Problem description:
Copy everything in the listing below word for word, apart from any images.
====
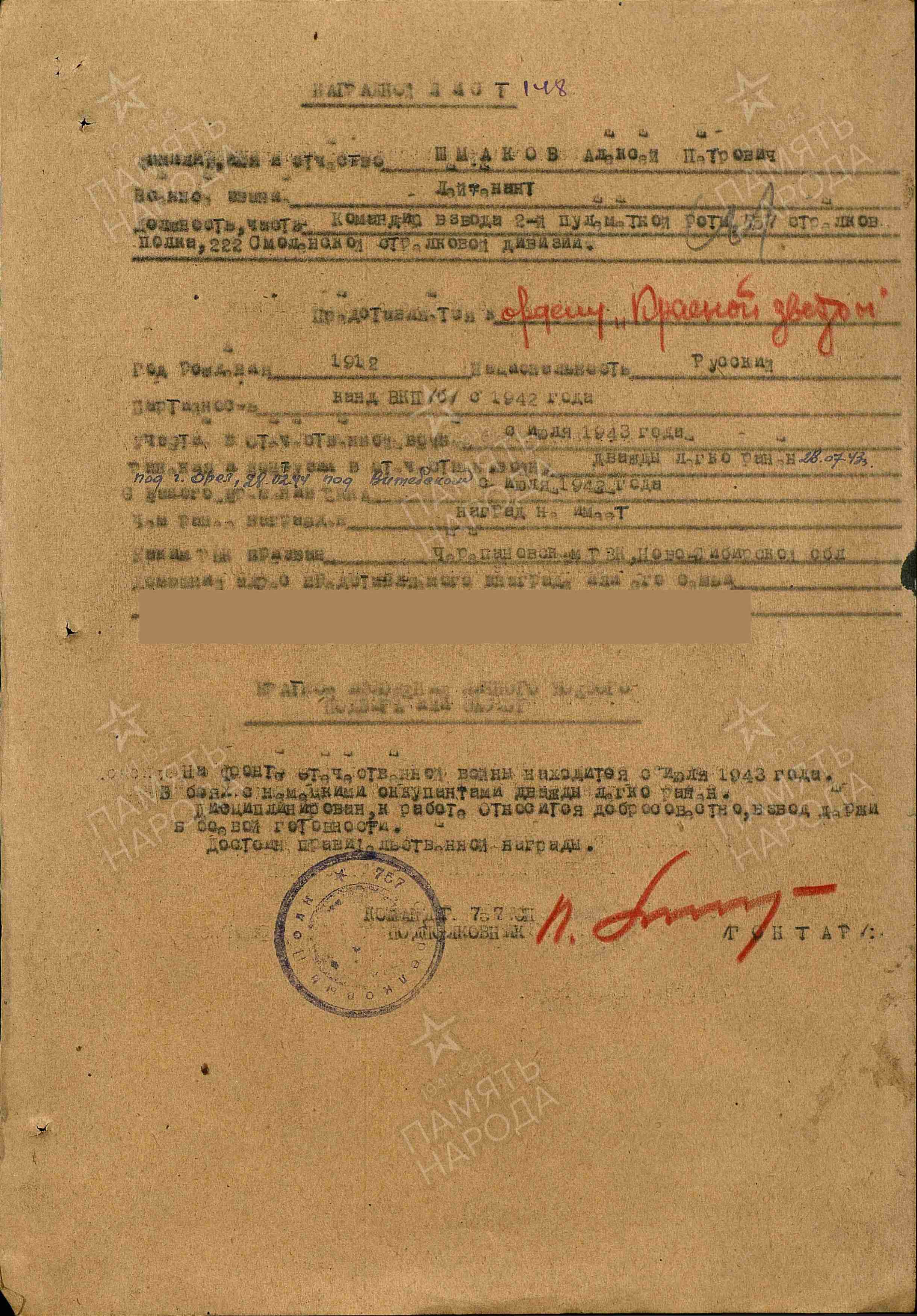 Первый орден Красной звезды был вручен 27.04.1944 года. Из наградного листа: «На фронте Отечественной войны находится с июля 1943 года. В боях с немецкими оккупантами дважды легко ранен. Дисциплинирован, к работе относится добросовестно, взвод держит в боевой готовности. Достоин Правительственной награды».
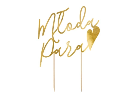 - Topper na tort Młoda Para, wykonany z papieru lustrzanego w kolorze złotym, wysokość ok. 22,5 cm.
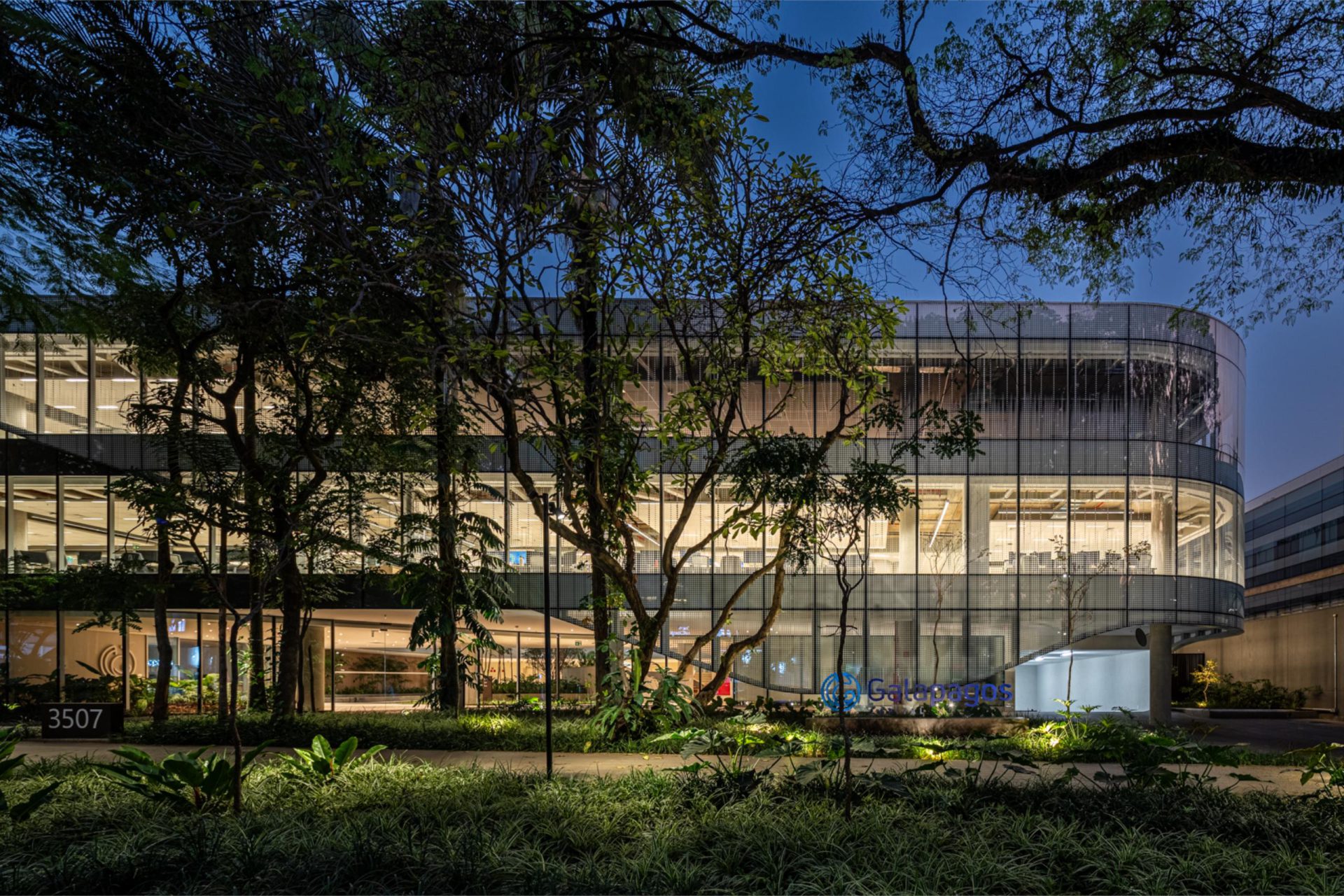The glass envelope features a parametric-screened pattern that responds to solar incidence on each orientation. It filters sunlight, protecting the interior from excessive heat and glare, while creating a mosaic of shadows that decorates the workspaces.
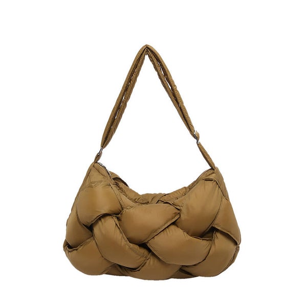 Crafted with a bold woven design and durable nylon material, the Braided Puff Shoulder Bag combines cozy texture with everyday functionality. This eye-catching piece features an oversized braided silhouette with a soft, padded finish that adds volume without the bulk. Lightweight yet roomy, it’s perfect for carrying your essentials in effortless style.
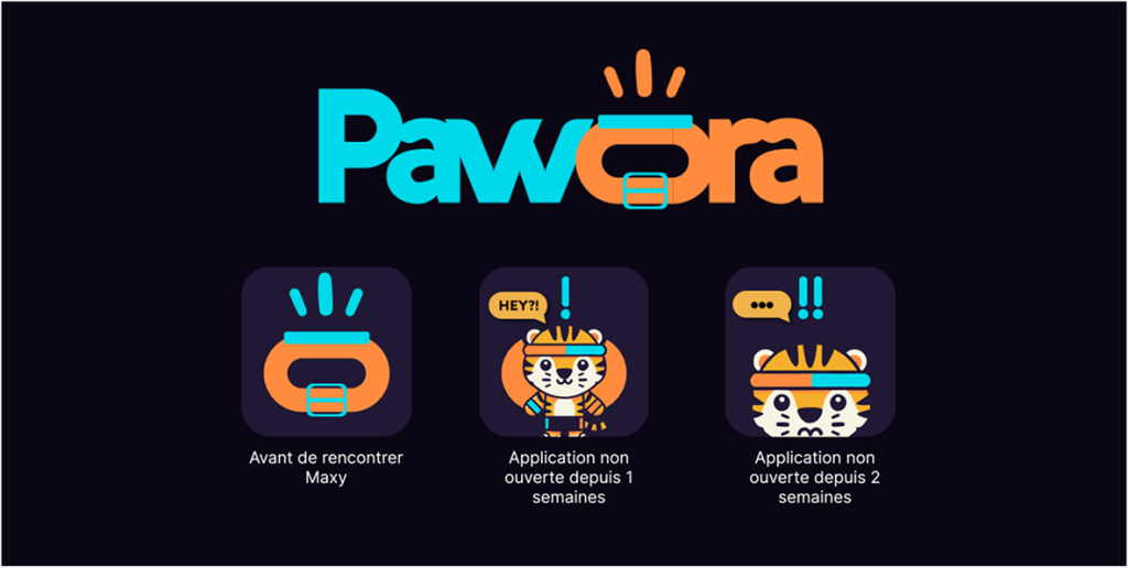 Le concept clé de Pawora réside dans son icône d’application qui change d’expression selon l’assiduité de l’utilisateur. Cette gamification visuelle crée un lien émotionnel fort :
====
Task answer:
 Первый орден Красной звезды был вручен 27.04.1944 года. Из наградного листа: «На фронте Отечественной войны находится с июля 1943 года. В боях с немецкими оккупантами дважды легко ранен. Дисциплинирован, к работе относится добросовестно, взвод держит в боевой готовности. Достоин Правительственной награды».
 - Topper na tort Młoda Para, wykonany z papieru lustrzanego w kolorze złotym, wysokość ok. 22,5 cm.
The glass envelope features a parametric-screened pattern that responds to solar incidence on each orientation. It filters sunlight, protecting the interior from excessive heat and glare, while creating a mosaic of shadows that decorates the workspaces.
 Crafted with a bold woven design and durable nylon material, the Braided Puff Shoulder Bag combines cozy texture with everyday functionality. This eye-catching piece features an oversized braided silhouette with a soft, padded finish that adds volume without the bulk. Lightweight yet roomy, it’s perfect for carrying your essentials in effortless style.
 Le concept clé de Pawora réside dans son icône d’application qui change d’expression selon l’assiduité de l’utilisateur. Cette gamification visuelle crée un lien émotionnel fort :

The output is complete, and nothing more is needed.